Records from a data source:
Segment Open

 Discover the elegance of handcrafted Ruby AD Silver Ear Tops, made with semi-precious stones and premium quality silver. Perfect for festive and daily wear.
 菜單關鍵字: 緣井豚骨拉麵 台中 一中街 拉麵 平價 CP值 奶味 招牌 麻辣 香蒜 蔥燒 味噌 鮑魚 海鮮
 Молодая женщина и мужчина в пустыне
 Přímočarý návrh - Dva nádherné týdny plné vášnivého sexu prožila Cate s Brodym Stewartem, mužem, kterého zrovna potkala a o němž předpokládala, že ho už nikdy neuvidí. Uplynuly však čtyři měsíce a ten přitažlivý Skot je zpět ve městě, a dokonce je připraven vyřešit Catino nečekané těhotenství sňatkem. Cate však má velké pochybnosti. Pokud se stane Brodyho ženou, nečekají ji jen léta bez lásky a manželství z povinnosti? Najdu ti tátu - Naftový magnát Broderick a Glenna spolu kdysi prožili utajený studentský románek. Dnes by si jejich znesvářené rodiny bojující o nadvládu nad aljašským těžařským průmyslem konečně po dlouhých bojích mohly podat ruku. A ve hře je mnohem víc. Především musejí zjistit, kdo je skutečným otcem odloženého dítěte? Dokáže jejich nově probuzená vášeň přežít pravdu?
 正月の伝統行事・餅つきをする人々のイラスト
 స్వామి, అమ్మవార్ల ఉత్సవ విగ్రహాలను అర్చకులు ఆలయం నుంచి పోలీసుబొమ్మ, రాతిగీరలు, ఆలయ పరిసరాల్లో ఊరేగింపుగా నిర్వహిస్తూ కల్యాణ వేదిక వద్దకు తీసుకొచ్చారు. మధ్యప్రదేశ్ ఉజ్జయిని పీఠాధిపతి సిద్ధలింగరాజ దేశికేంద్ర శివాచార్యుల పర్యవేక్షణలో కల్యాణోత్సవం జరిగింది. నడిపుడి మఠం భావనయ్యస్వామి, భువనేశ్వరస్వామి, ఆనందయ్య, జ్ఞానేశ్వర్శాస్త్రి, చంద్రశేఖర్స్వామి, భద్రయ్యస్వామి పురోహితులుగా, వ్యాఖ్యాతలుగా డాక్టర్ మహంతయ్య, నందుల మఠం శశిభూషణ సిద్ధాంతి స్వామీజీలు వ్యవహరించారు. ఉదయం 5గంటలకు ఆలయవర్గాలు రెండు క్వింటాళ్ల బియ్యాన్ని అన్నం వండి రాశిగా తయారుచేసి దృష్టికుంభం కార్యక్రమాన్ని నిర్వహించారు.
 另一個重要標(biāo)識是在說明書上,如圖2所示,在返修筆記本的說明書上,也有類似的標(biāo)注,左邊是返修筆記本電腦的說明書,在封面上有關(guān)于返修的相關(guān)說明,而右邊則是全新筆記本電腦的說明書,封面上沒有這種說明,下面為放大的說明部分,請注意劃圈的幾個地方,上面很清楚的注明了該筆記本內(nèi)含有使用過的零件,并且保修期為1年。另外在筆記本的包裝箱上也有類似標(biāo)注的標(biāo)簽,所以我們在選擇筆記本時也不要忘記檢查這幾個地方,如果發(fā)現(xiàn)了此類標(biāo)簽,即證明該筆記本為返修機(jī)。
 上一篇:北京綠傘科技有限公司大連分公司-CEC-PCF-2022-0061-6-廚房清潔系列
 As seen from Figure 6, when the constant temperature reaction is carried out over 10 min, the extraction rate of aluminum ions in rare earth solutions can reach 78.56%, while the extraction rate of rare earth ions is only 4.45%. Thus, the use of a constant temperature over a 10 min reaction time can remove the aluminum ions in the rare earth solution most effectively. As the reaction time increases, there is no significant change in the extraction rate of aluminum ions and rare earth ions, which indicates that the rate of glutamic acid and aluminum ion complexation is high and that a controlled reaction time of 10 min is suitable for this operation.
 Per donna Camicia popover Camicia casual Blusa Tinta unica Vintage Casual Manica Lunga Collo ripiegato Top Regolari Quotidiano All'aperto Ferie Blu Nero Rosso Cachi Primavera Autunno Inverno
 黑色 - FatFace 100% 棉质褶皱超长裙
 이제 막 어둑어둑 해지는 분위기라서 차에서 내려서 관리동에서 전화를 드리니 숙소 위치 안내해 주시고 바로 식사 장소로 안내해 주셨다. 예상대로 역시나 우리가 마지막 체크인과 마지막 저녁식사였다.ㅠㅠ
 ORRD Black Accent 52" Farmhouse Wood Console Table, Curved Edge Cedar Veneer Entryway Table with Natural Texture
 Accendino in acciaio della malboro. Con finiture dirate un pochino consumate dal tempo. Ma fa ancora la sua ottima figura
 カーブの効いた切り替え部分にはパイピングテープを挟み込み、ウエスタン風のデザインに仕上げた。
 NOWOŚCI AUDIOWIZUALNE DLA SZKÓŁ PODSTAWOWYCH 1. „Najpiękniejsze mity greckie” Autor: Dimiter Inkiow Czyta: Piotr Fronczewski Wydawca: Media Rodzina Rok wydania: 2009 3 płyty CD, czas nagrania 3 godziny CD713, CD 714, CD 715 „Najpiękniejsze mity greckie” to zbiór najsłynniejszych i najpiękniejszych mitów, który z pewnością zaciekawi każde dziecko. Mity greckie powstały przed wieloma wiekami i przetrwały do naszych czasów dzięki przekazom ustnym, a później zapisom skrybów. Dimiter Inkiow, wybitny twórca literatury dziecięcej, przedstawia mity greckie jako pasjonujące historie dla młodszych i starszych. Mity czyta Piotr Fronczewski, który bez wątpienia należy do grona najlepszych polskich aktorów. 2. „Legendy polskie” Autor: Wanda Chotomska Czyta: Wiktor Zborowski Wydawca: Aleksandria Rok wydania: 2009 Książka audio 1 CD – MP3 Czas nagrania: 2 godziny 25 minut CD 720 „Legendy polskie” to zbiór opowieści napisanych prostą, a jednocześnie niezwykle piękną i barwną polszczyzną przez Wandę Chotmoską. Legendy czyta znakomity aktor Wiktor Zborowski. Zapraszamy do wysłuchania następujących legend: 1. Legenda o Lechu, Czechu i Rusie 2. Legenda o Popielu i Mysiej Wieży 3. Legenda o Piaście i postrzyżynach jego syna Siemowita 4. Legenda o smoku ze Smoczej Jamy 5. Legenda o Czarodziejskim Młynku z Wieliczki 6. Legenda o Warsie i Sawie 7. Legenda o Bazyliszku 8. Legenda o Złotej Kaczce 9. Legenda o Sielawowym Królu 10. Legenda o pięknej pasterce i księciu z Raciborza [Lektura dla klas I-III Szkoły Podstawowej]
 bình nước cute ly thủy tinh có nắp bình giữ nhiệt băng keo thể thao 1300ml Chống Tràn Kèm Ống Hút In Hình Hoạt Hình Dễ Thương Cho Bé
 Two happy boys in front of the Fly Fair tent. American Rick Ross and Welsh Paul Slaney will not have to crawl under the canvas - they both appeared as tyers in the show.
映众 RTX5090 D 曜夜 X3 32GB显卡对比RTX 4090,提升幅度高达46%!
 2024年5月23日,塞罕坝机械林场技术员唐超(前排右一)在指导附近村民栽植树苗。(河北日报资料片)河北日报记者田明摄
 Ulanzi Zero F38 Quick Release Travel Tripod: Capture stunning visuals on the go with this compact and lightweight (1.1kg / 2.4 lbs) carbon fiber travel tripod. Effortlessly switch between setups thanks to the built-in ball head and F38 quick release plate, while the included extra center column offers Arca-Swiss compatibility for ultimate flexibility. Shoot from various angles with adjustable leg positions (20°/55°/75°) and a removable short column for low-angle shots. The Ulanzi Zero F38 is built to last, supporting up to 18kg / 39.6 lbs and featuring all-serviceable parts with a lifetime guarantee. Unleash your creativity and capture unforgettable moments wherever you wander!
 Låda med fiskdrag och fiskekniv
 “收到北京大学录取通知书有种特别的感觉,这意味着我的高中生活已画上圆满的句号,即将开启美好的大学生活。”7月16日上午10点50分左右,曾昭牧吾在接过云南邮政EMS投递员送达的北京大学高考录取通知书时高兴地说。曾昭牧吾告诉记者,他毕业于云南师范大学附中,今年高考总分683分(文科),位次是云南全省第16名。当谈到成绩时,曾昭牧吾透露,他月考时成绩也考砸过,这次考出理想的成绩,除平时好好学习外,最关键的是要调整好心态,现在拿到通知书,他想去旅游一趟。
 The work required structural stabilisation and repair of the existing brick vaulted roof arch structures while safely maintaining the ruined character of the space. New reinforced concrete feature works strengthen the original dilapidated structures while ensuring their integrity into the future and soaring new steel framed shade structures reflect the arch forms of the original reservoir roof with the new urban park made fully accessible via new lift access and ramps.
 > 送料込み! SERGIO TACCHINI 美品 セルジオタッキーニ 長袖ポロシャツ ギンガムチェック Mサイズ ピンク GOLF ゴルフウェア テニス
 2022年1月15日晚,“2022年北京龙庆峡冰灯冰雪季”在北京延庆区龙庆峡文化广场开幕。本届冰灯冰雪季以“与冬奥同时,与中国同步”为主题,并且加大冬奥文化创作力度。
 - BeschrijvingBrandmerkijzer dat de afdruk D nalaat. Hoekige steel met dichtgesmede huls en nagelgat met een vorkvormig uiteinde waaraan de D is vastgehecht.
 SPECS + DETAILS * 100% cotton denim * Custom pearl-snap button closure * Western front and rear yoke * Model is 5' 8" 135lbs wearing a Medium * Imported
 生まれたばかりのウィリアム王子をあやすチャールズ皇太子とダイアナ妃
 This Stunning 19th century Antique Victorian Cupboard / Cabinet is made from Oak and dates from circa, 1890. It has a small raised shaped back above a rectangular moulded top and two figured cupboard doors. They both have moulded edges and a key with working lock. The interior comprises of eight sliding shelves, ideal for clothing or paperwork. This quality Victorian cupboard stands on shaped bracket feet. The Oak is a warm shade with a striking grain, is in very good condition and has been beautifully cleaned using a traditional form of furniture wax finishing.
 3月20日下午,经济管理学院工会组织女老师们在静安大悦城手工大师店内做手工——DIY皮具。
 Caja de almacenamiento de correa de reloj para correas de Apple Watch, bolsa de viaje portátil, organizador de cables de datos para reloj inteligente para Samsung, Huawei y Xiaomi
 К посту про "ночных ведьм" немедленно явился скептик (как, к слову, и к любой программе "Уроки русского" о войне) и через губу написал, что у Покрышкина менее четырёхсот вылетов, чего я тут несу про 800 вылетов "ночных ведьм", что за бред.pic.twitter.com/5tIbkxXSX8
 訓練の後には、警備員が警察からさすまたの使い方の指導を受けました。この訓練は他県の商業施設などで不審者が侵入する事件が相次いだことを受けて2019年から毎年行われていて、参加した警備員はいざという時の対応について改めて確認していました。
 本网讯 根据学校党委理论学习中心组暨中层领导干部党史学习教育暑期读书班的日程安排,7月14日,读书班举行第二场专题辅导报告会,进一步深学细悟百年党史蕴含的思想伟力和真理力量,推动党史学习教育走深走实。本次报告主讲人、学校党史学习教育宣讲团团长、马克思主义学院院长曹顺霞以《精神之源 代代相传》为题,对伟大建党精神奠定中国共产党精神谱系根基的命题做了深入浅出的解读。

Segment Closed

In your answer, include only the lines above starting at the line that holds "The work required" and ending at the line that holds "生まれたばかりのウィリアム王子をあやすチャールズ皇太子とダイアナ妃", copied exactly.

 The work required structural stabilisation and repair of the existing brick vaulted roof arch structures while safely maintaining the ruined character of the space. New reinforced concrete feature works strengthen the original dilapidated structures while ensuring their integrity into the future and soaring new steel framed shade structures reflect the arch forms of the original reservoir roof with the new urban park made fully accessible via new lift access and ramps.
 > 送料込み! SERGIO TACCHINI 美品 セルジオタッキーニ 長袖ポロシャツ ギンガムチェック Mサイズ ピンク GOLF ゴルフウェア テニス
 2022年1月15日晚,“2022年北京龙庆峡冰灯冰雪季”在北京延庆区龙庆峡文化广场开幕。本届冰灯冰雪季以“与冬奥同时,与中国同步”为主题,并且加大冬奥文化创作力度。
 - BeschrijvingBrandmerkijzer dat de afdruk D nalaat. Hoekige steel met dichtgesmede huls en nagelgat met een vorkvormig uiteinde waaraan de D is vastgehecht.
 SPECS + DETAILS * 100% cotton denim * Custom pearl-snap button closure * Western front and rear yoke * Model is 5' 8" 135lbs wearing a Medium * Imported
 生まれたばかりのウィリアム王子をあやすチャールズ皇太子とダイアナ妃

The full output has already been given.